Una prima volta dopo 2 settimane: aiuti medici raggiungono il nord di Gaza
L'Organizzazione Mondiale della Sanità (OMS) ha consegnato forniture mediche nel nord di Gaza per la prima volta dopo 2 settimane.
İHA
Il Direttore Generale dell'Organizzazione Mondiale della Sanità (OMS), Tedros Adhanom Ghebreyesus, ha dichiarato sul suo account social che l'OMS ha consegnato forniture mediche all'ospedale Al-Ahli di Gaza, sottolineando che si tratta della prima consegna di materiale medico nella parte settentrionale della Striscia in 2 settimane.
Ghebreyesus ha affermato: "L'OMS è riuscita a raggiungere l'ospedale Al-Ahli nella città di Gaza nel mezzo di intensi combattimenti in corso.

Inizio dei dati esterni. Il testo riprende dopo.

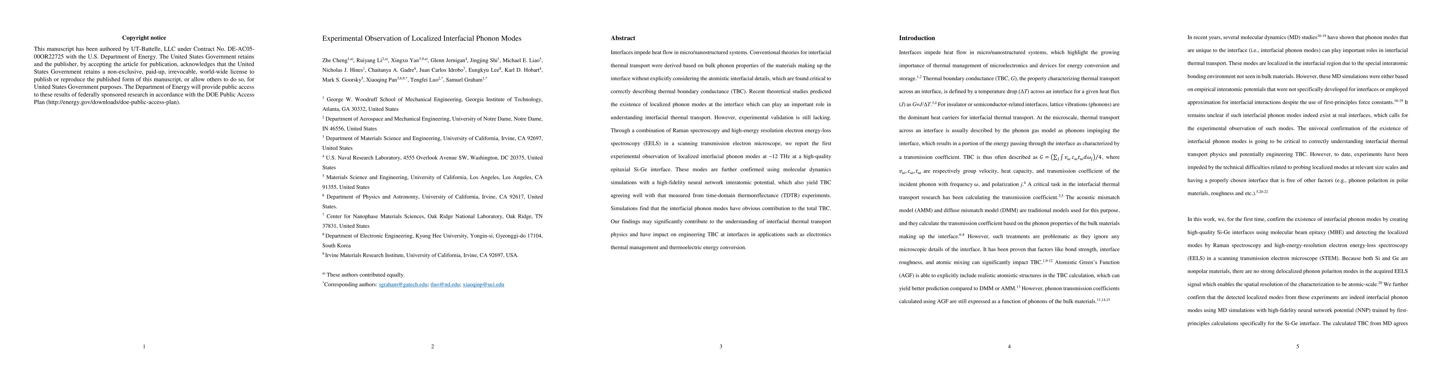 This paper reports the first experimental observation of localized interfacial phonon modes at a Si-Ge interface using Raman spectroscopy and EELS, confirming their role in thermal boundary conductance. Molecular dynamics simulations corroborate the findings, suggesting these modes significantly contribute to interfacial thermal transport.

Questa è la prima missione nel nord della Striscia di Gaza dal 13 maggio".
Ghebreyesus ha riferito che sono stati consegnati 15 mila litri di carburante, 14 letti d'ospedale, oltre a medicinali e materiale per traumi sufficienti a soddisfare le esigenze di 1.500 persone, aggiungendo: "L'ospedale Al-Ahli serve il doppio delle persone per cui è stato progettato, mancando di forniture chirurgiche di base. A causa della mancanza di personale specializzato, non è possibile eseguire interventi chirurgici salvavita durante le ore serali".
Il Direttore Generale dell'OMS ha spiegato che non è stato possibile raggiungere un ospedale vicino a causa dei ritardi ai posti di blocco, aggiungendo che muoversi verso nord è difficile a causa della distruzione delle strade, nonché della mancanza di carburante e di un accesso sicuro.
Notando che la città è piena di macerie e detriti, Ghebreyesus ha dichiarato: "Ribadiamo il nostro appello per un cessate il fuoco".